Filed in the office of

Document Number

Secretary of State

Ross Miller signature

20140219818-26

2014 North Carson Street, Suite 1

Ross Miller

Filing Date and Time:

Carson City, Nevada 89701-4520

Secretary of State

03/26/2014 10:29 AM

(775) 684-5708

State of Nevada

Entity Number

Website: www.nvsos.gov

 

C1762-2000

 

 

CERTIFICATE TO ACCOMPANY

RESTATED ARTICLES OF

AMENDED AND RESTATED ARTICLES

(PURSUANT TO NRS)

 

This Form is to Accompany Restated Articles or Amended and Restated Articles of Incorporation

(Pursuant to NRS 78.403, 82,371, 86.221, 87A, 88.355 or 88A.250)

(This form is also to be used to accompany Restated Articles or Amended and Restated Articles for Limited-Liability

Companies, Certificates of Limited Partnership, Limited-Liability Limited Partnerships and Business Trusts)

 

1.Name of Nevada entity as last recorded in this office: 

20/20 Global, Inc.

 

2.The articles are (mark only one box): [  ] Restated  [X] Amended and Restated 

Please entitle your attached articles “Restated” or “Amended and Restated” accordingly.

 

3.Please indicate what changes have been made by checking the appropriate box:* 

[X] The authorized shares have been amended.

[X] Articles have been added.

[X] Articles have been deleted.

 

4.Effective date and time of filing (optional): 

 

Date: 30 April 2014

Time: 11:59 p.m. PDT

 

*This form is to accompany Restated Articles or Amended and Restated Articles which contain newly altered or amended articles. The Restates Articles must contain all of the requirements as set forth in the statutes for amending or altering the articles for certificates.

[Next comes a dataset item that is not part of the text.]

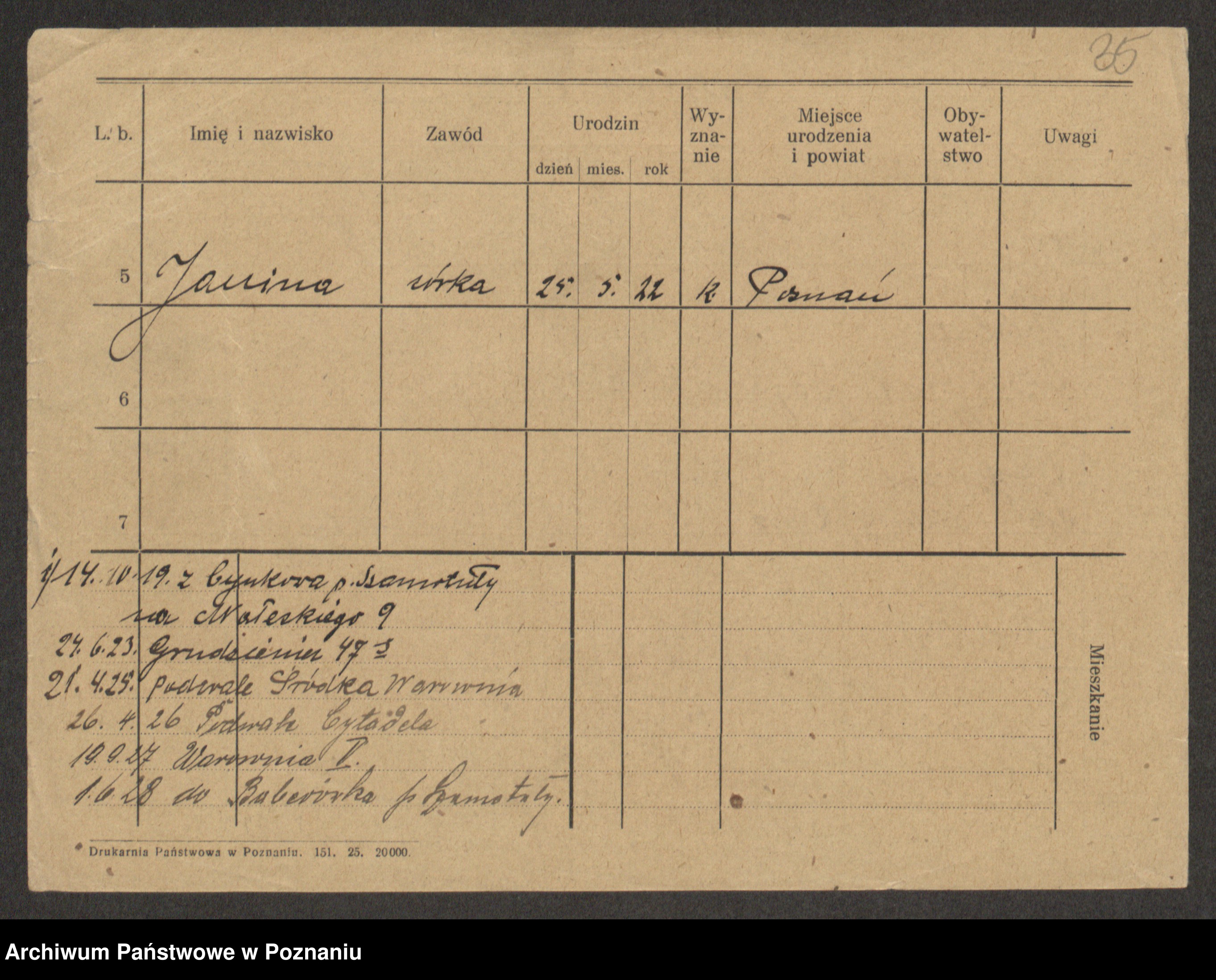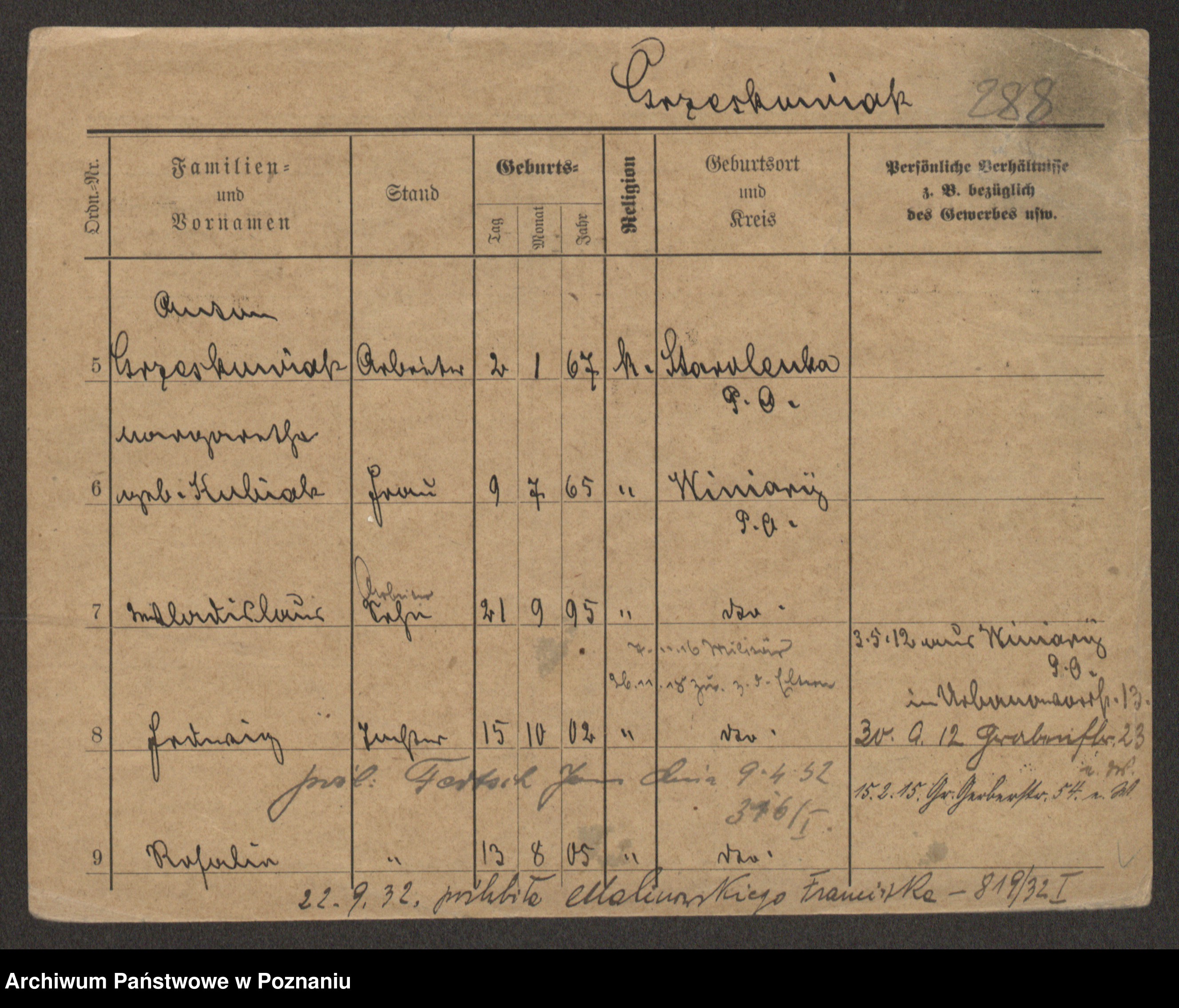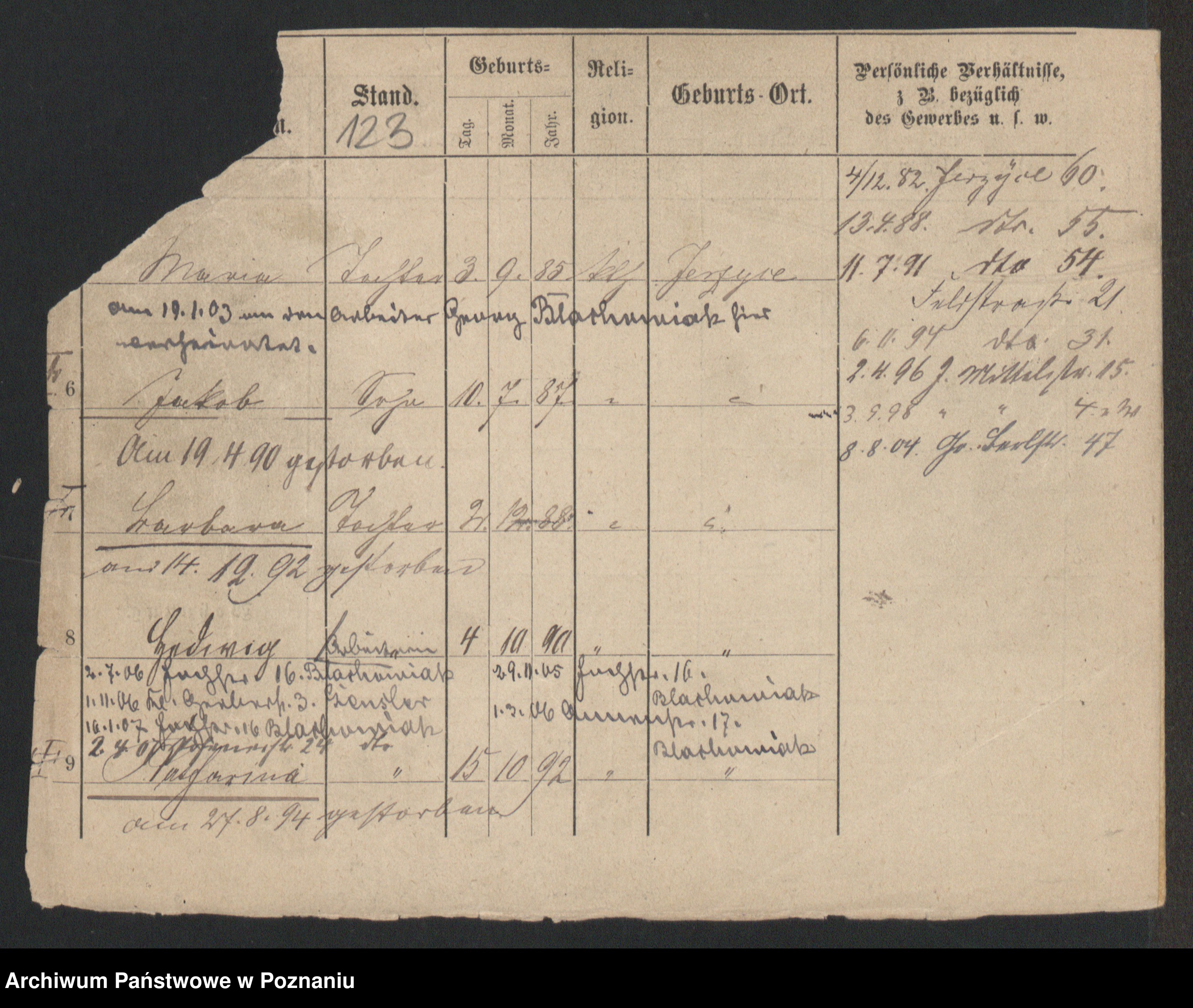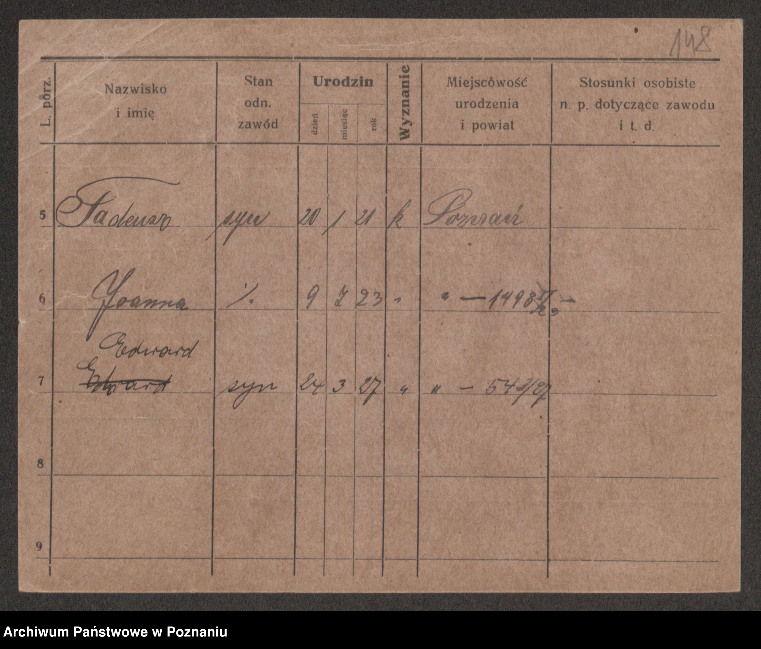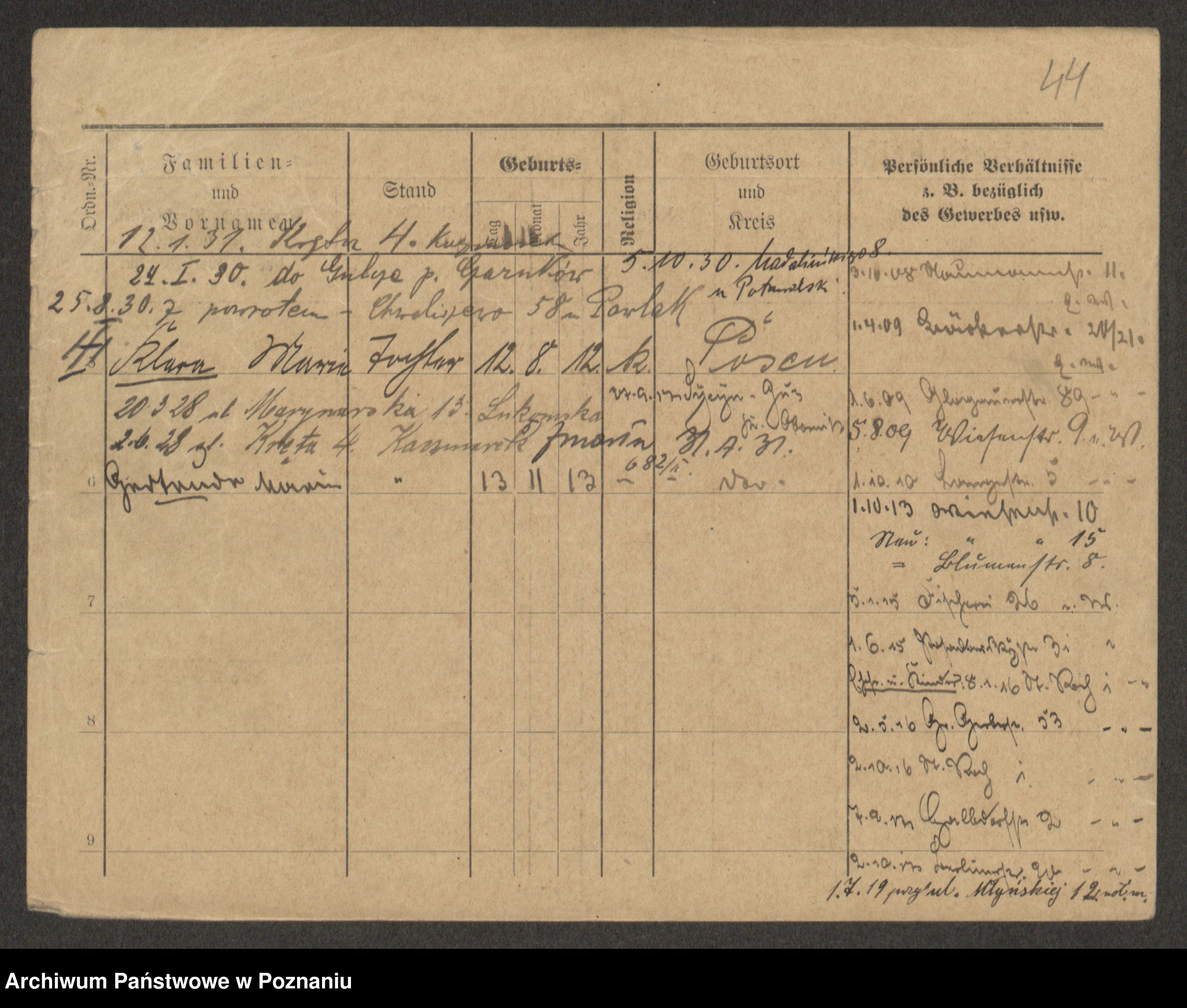 Podgląd karty osobowej dostępny jest po kliknięciu na nazwisko lub ikonkę karty. Można dokonywać powiększenia (ikony na górze) lub przechodzić między kolejnymi skanami (strzałki po bokach).

CERTIFICATE OF THE SECRETARY

 

AS TO

 

AMENDED AND RESTATED

 

ARTICLES OF INCORPORATION OF

 

20/20 GLOBAL INC.

 

 

20/20 Global, Inc., a corporation organized and existing under the laws of the state of Nevada (the “Corporation”), certifies that:

 

1.The original name of the Corporation was RM Investors, Inc. The Corporation’s original articles of incorporation were filed with the state of Nevada on January 21, 2000. On March 25, 2014, RM Investors, Inc. filed an amendment to its articles of incorporation changing its name to 20/20 Global, Inc. 

 

2.These Amended and Restated Articles of Incorporation were duly adopted in accordance with Section 78.403 of the Nevada Revised Statutes, and restate, integrate, and further amend and restate the provisions of the Corporation’s articles of incorporation including the follow changes to take effect at 11:59 pm PDT on April 30, 2014. 

 

(a)Increase the authorized capital stock to 105,000,000 shares; 

 

(b)Set the number of authorized preferred shares at 5,000,000; and 

 

(c)Effect a two for one forward stock split of the 1,240,000 shares of issued and outstanding shares of common stock. 

 

3.The text of the original articles of incorporation is amended and restated to read as set forth in Appendix A attached hereto. 

 

4.Pursuant to Section 78.390 et seq. of the Nevada Revised Statutes, the following Amended and Restated Articles of Incorporation were adopted by joint written consent of the directors of the Corporation and stockholders of the Corporation, holding a majority of the voting power of the issued and outstanding common stock as March 14, 2014. The Corporation has only shares of common stock issued and outstanding.  

 

IN WITNESS WHEREOF, 20/20 Global, Inc. has caused these Amended and Restated Articles of Incorporation to be signed by Karen Johnson, a duly authorized officer of the Corporation, on this 25th day of March, 2014.

 

 

/s/ Karen Johnson

Karen Johnson, Secretary




Appendix A to Certificate of Secretary

as to Amended and Restated Articles of

Incorporation of 20/20 Global, Inc.

 

 

AMENDED AND RESTATED

 

ARTICLES OF INCORPORATION

 

OF

 

20/20 GLOBAL, INC.

 

These Amended and Restated Articles of Incorporation of 20/20 Global, Inc. (hereinafter referred to as the “Corporation”), have been duly adopted in accordance with Section 78.403 of the Nevada Revised Statutes and amend and restate the articles of incorporation of RM Investors, Inc., which were originally filed with the state of Nevada on January 21, 2000, and amended on March 25, 2014 to change the name of the Corporation to 20/20 Global, Inc.

 

Article I

Name

 

The name of the Corporation shall be 20/20 Global, Inc.

 

 

Article II

Period of Duration

 

The Corporation shall continue in existence perpetually unless sooner dissolved according to law. 

 

 

Article III

Purposes and Powers

 

The Corporation is organized to engage in any and all lawful purposes, activities, and pursuits for which corporations may be organized under laws of the state of Nevada and to exercise all powers allowed or permitted thereunder.

 

 

Article IV

Authorized Shares

 

The Corporation shall have the authority to issue shares 105,000,000 shares of capital stock as follows:

 

(a)One Hundred Million (100,000,000) shares of common stock, $0.001 par value (“Common Stock”). Each share of Common Stock shall entitle the holder thereof to one (1) vote on any matter submitted to a vote at a meeting of the stockholders.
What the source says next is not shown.